Input data section start

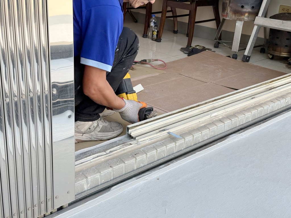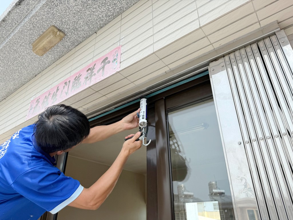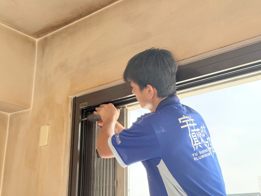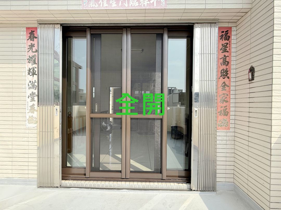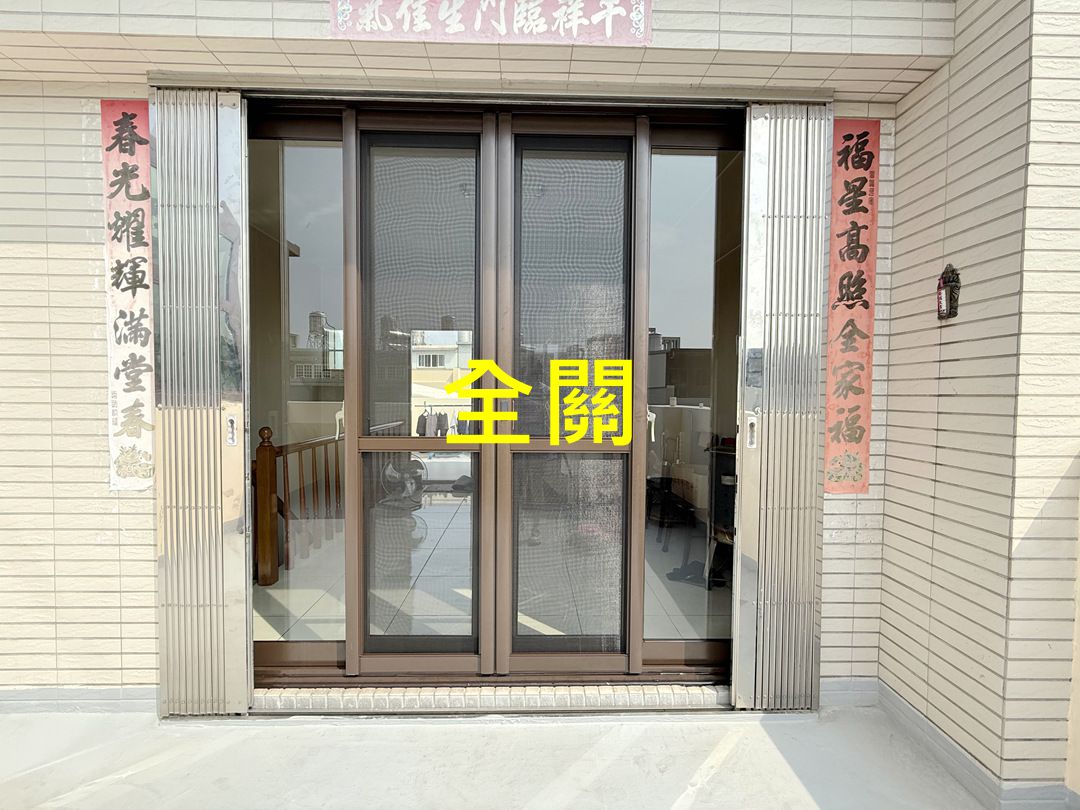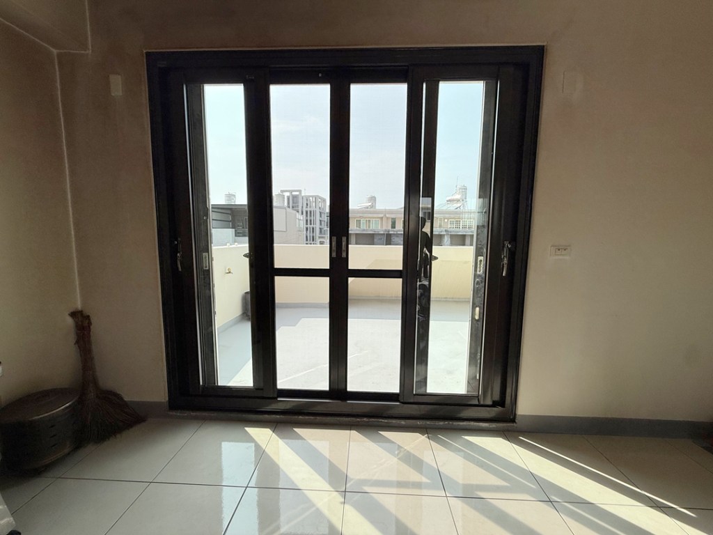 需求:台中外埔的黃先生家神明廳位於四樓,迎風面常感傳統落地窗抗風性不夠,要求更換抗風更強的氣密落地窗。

Input data section end
Input data section start

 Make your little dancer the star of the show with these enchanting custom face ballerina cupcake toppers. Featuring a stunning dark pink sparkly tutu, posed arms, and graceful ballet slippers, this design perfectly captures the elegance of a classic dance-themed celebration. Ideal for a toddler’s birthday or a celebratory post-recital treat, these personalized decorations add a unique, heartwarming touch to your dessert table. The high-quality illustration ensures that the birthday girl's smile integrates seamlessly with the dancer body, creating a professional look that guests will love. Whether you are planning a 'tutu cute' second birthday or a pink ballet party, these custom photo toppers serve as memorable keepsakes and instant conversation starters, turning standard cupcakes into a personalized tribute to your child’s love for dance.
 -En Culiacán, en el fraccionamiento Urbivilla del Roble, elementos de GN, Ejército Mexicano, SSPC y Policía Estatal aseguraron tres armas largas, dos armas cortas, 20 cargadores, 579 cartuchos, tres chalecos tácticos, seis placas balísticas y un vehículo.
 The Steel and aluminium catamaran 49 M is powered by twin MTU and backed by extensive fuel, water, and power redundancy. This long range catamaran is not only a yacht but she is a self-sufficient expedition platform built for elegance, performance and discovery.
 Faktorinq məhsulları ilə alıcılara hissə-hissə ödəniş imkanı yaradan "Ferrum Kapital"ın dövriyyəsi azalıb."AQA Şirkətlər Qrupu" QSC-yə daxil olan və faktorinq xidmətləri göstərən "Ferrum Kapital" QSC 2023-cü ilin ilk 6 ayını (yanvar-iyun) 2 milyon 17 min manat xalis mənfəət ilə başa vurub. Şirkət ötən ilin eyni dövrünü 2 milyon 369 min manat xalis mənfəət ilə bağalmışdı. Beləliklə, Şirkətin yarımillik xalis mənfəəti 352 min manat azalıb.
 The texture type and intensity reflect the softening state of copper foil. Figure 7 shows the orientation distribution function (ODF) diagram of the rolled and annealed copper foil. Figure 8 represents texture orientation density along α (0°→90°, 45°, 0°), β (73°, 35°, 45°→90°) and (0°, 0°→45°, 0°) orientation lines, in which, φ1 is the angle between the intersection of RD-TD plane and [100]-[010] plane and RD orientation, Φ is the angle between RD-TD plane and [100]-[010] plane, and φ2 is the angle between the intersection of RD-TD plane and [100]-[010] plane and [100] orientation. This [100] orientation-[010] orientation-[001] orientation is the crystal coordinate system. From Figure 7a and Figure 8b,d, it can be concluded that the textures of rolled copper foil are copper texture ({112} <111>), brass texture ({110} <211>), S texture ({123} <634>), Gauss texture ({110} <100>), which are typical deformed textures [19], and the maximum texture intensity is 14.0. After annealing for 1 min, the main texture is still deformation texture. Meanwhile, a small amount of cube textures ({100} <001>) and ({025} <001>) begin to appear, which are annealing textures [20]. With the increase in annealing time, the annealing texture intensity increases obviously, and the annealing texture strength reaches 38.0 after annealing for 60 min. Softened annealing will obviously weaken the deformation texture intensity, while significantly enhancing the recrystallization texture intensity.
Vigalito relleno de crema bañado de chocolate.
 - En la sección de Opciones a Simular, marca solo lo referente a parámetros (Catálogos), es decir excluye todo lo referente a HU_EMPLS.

Input data section end

*What is required*: Above are the entries. Copy exactly the part that opens with the line containing "The Steel and" and closes with the line containing "Faktorinq məhsulları ilə", and no more.

*Answer to this task*:
 The Steel and aluminium catamaran 49 M is powered by twin MTU and backed by extensive fuel, water, and power redundancy. This long range catamaran is not only a yacht but she is a self-sufficient expedition platform built for elegance, performance and discovery.
 Faktorinq məhsulları ilə alıcılara hissə-hissə ödəniş imkanı yaradan "Ferrum Kapital"ın dövriyyəsi azalıb."AQA Şirkətlər Qrupu" QSC-yə daxil olan və faktorinq xidmətləri göstərən "Ferrum Kapital" QSC 2023-cü ilin ilk 6 ayını (yanvar-iyun) 2 milyon 17 min manat xalis mənfəət ilə başa vurub. Şirkət ötən ilin eyni dövrünü 2 milyon 369 min manat xalis mənfəət ilə bağalmışdı. Beləliklə, Şirkətin yarımillik xalis mənfəəti 352 min manat azalıb.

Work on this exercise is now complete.